AbstractThe phenomena of superconductivity has enormous industrial potential, but the penetration of superconductor-based products has, thus far, been slow. An indisputable fact is that there are prizes, and profits, for the teams that solve the critical problems in understanding and processing these complex materials. The continuous processing of superconducting tapes and wires is a necessary stage that will open up the industrial market to the designers of a diverse range of time and energy saving devices, particularly in ultra-fast computing and lossless power transmission.

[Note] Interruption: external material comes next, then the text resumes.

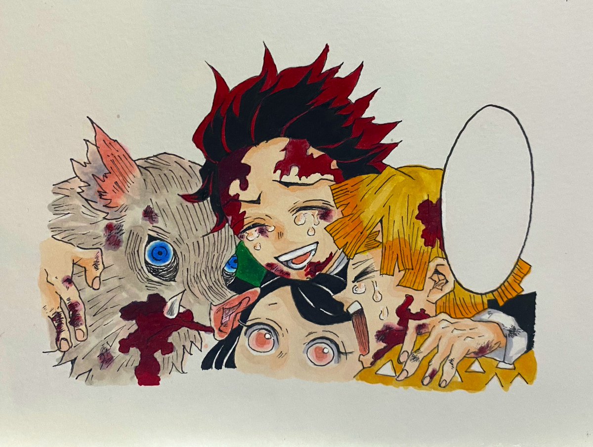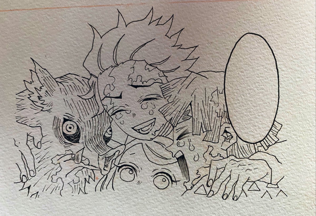 #鬼滅の刃 #模写 スケッチブック1冊目に描いてた 過去絵🙇♀️🙇♀️ 白黒をカラーで描いてたあのシーンが アニメでみることが出来て幸せ! 鬼滅、ありがとううう🎴🐗⚡️🎀

The aim of the research reported herein was to investigate the fabrication of superconducting tapes and films via two different processes, namely: the established PIT technique, and a less well known electrochemical route.
The PIT research yielded partially textured (a characteristic not found in previously reported thallium-based PIT tapes) and high purity tapes with promising transport properties.
The main subject of this work is the electrodeposition of superconducting films with particular emphasis on the optimisation of the deposition process, as opposed to the optimisation of the post-deposition heat treatment. This is not a well researched area. Therefore the research herein deals with the mechanisms of the deposition process in order to achieve a high standard of reproducibility in producing a variety of superconductor precursor films. The heat-treatment of the as-deposited films was determined, and results are presented concerning the characteristics of the resulting superconducting films. An attempt was made to fabricate, for the first time via electrodeposition, (Tl,Pb)-1223 films. Superconductivity was successfully observed in both Bismuth- and Thallium-based films.
Extensive further work is required, but the impact upon society from superconducting devices draws ever nearer.